At the top part of the gene information page, the users can view some fundamental information of CYP 9J53, such as description, length and location. Clicking on the right “JBrowse” button enables users to visualize CYP 9J53 under the background of the scaffold. Below these, the sequence information of CYP 9J53 is presented. The exon regions are highlighted in red and the remaining sequences are introns. Clicking on the “show pep” button allows amino acid sequences to be displayed. The lower portion of the information page is the functional feature description of CYP 9J53, including orthologs, GO and KEGG pathways. In the ortholog part, many-one or many-many orthologous genes to the An. sinensis CYP 9J53 in other mosquito species and fruit fly are displayed. The prediction of GO terms shows that CYP 9J53 belongs to “iron ion binding” (0005506), “electron carrier activity” (0009055), “heme binding” (0020037) and “oxidation-reduction process” (0055114) categories. Users can click the GO term for detailed term information. CYP 9J53 participates in “Linoleic acid metabolism” pathway. Clicking the KO (ko00591) will open a new page to show the reference pathway map. Transcriptional results are shown at the bottom of the results page, and include technology, comparison, regulation, fold change, published articles, etc as a whole.
Copy and paste multiple query sequences in fasta format to text box, or upload a sequence file in FASTA format.
How to search and view insecticide-resistant phenotypic and genotypic data?
ASGDB provides an OpenLayers map-based interface for users to obtain data. All the mosquito-sampling sites are identified with small red pompons. By clicking on the pompon, a pop up text box will appear on the map with the most recent insecticide-resistant related record. Users can also browse all the relevant information in this region on the same page just below the map. It should be noted that when different sampling sites are in close proximity, the red pompons might be very near or even superposed on each other. To avoid clicking on the non-target pompon, the users can zoom in to magnify their view of the map by tapping the “plus” button in the upper left corner or by scrolling up with mouse's scroll wheel. Double left click on the map can also simultaneously centre the map and zoom in at the position clicked. Once users think they are done, they can use the “minus” button or scroll down with mouse's scroll wheel to zoom out. To move the map, users can click and drag at any point on the map. ASGDB also provides the users with a search engine to facilitate obtaining the information of interest, such as collection site, year, insecticide and resistance mechanism.
By clicking on the pompon, a pop up text box will appear on the map with the most recent insecticide-resistant related record.

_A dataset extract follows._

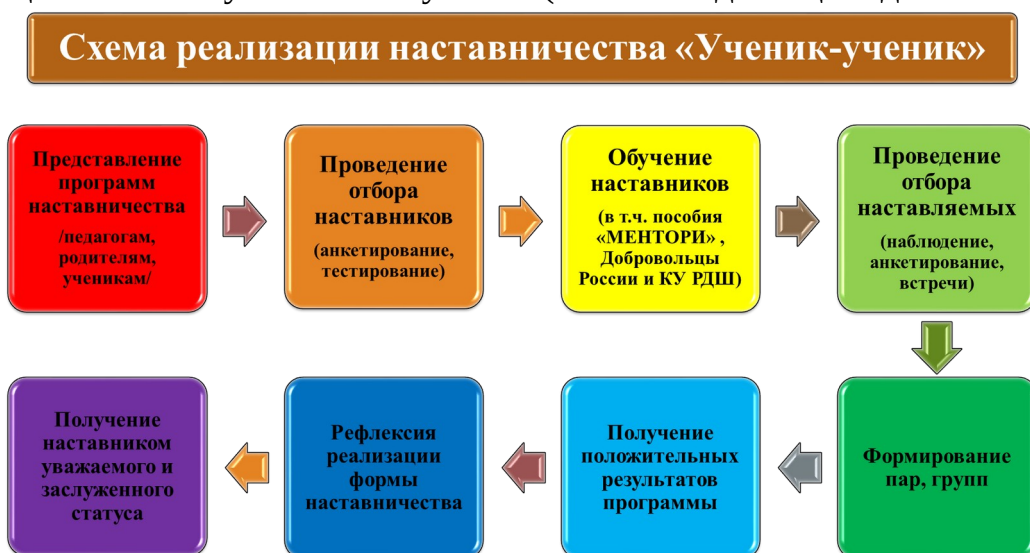
Рис.1. Описание схемы реализации наставничества «ученик-ученик»

Целью взаимодействия наставника и наставляемого является разносторонняя поддержка обучающегося с особыми образовательными/социальными потребностями либо временная помощь в адаптации к новым условиям обучения (включая адаптацию детей с ОВЗ).

Users can also get more details below the on the same page just below the map.
Auto-complete input boxes are also be used. In these boxes the user needs to type in one letters from the requested term and a list of all possible matching terms will appear. After filling the desired search criteria, click on the “Search” button at the bottom right end of the form. Shortly thereafter a new page will appear on your browser with all matching results. The matching results can also be downloaded.

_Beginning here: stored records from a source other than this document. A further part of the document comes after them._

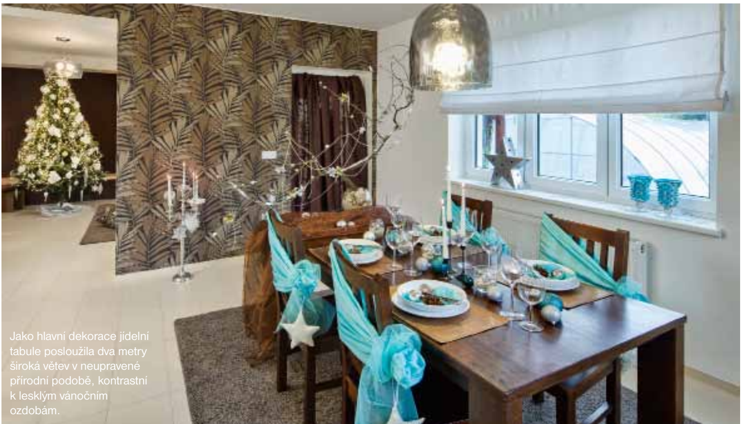
Jako hlavní dekorace jídelní tabule posloužila dva metry široká větev v neupravené přírodní podobě, kontrastní k lesklým vánočním ozdobám.

R odinný dům po patnácti letech užívání potřeboval určitý upgrade. Laminátové podlahy se ošoupaly a rozvzaly, dispozice s množstvím přiček přestala vyhovovat, do rodiny přibýly dvě děti, prostor potřeboval více otevřít a propojit.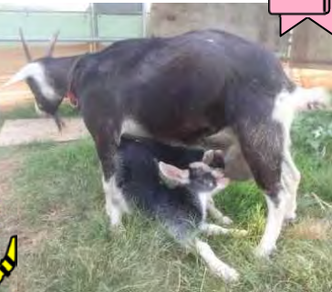
▲元気いっぱい授乳中!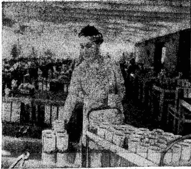
Naujosios Druskininkų "Nemūno" sanatorijos valgykloje vienu metu gali papietauti 1,300 poilsiautojų.

Barrie, Ont. — Žaibas uždegęs Community Centra, padarė nuostolių už $75,000.

How might users contribute new data for incorporation into database?
Researchers can submit any comments, suggestions, or questions regarding all aspects of ASGDB on “Contact” page. To promote researchers’ sharing and exchange of knowledge and ideas, the submission process is simple. No registration requirement is imposed, although users need to provide a valid email address so that our team can contact them in case of any queries.